Aruba: NaaS gives the customer flexibility to refresh quickly and embrace new capabilities as they become available. Once the contract ends, there is generally the option to upgrade hardware, or consider other possibilities such as renegotiating contract continuation or hardware buy out. If a customer believes they may wish to revert to a more traditional consumption model in the future, HPE GreenLake for Aruba has flexibility for shorter contract terms which can minimise the perceived risk of making such a transition to NaaS.

Why Data#3

“11. Why talk with Data#3 about your Networking options?”

Data#3: As well as being both an Aruba and HPE Partner, we have a long history as a managed services provider with a dedicated team, methodology, and a portfolio of long-term customers. Our dedicated Aruba architects are also able to guide you through any or all parts of Aruba’s Edge Services Platform (ESP) and Artificial Intelligence Operations (AIOps) architecture, as well as the latest access points and switches. NaaS also fits perfectly with our networking and device-based lifecycle offers. Data#3’s NaaS sits within our customer success function, so from presales – to mapping the 3-to-5-year NaaS journey and ongoing engagement – we are with our customers every step of the way. And when you call, you will always speak to a team member on the ground in Australia.

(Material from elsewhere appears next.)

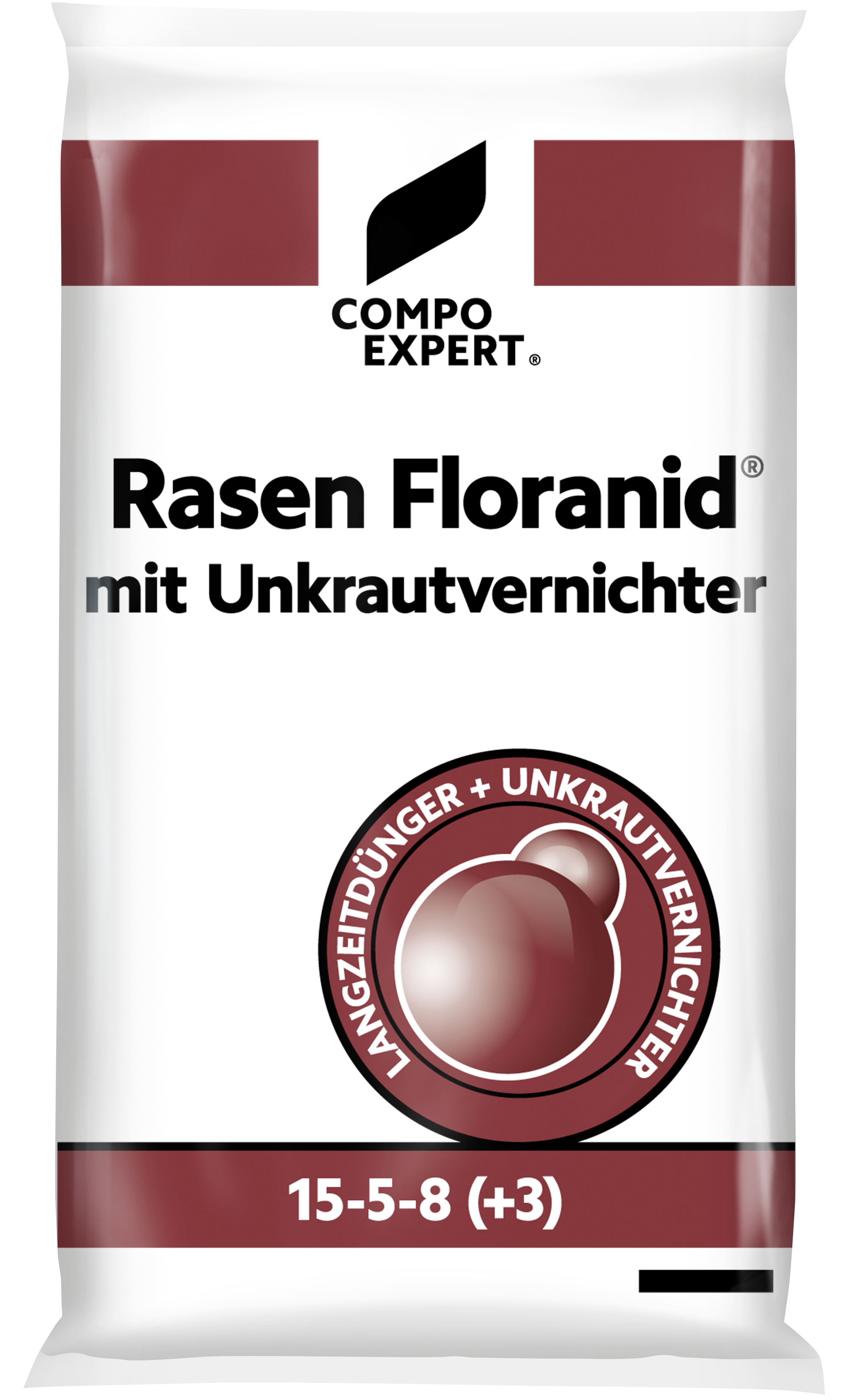 Rasen Floranid® mit Unkrautvernichter 15-5-8(+3) ist ein Kombinationsdünger von Haupt- und Spurennährstoffen mit herbiziden Wirkstoffen. Der Langzeitstickstoff wird dosiert und pflanzenschonend im Laufe vieler Wochen freigesetzt und dient so der Langzeitversorgung mit Stickstoff. Er sorgt für eine unkrautfreie, dichte und strapazierfähige Grasnarbe, weil gut ernährte Gräser die durch absterbendes Unkraut hervorgerufenen Lücken rasch schließen können. So entstehen bei normaler Verunkrautung keine störenden Kahlstellen im Rasen. Die herbiziden Wirkstoffe 2,4-D und Dicamba beeinflussen bei vorschriftsmäßiger Aufwandmenge aufgrund ihrer selektiven Wirkung die Gräser nicht. Sie bringen jedoch Unkräuter durch übersteigertes Wachstum zum Absterben. 2,4-D wirkt
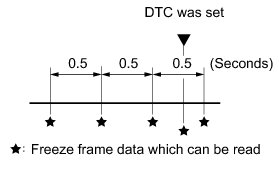 (b) The Techstream records freeze frame data in 5 different instances: 1) 3 times before the DTC is set, 2) once when the DTC is set, and 3) once after the DTC is set. These sets of data can be used to simulate the vehicle condition around the time when the malfunction occurred. The data may help in finding the cause of the malfunction, or in judging if the DTC was caused by a temporary malfunction.

“12. Why has Data#3 earned such a strong reputation in Networking capabilities? ”

Data#3: At Data#3, we understand that for every organisation, delivering the services that customers and employees demand requires a robust and reliable network. For decades, we have been working with organisations to help drive growth by leveraging advanced networking technology, albeit through consulting, procurement, project services and managed services. Through our leadership across three key areas – remarkable people, outstanding solutions, and organisational excellence – combined with our unique Solutions Framework, we are dedicated to the success of our customers.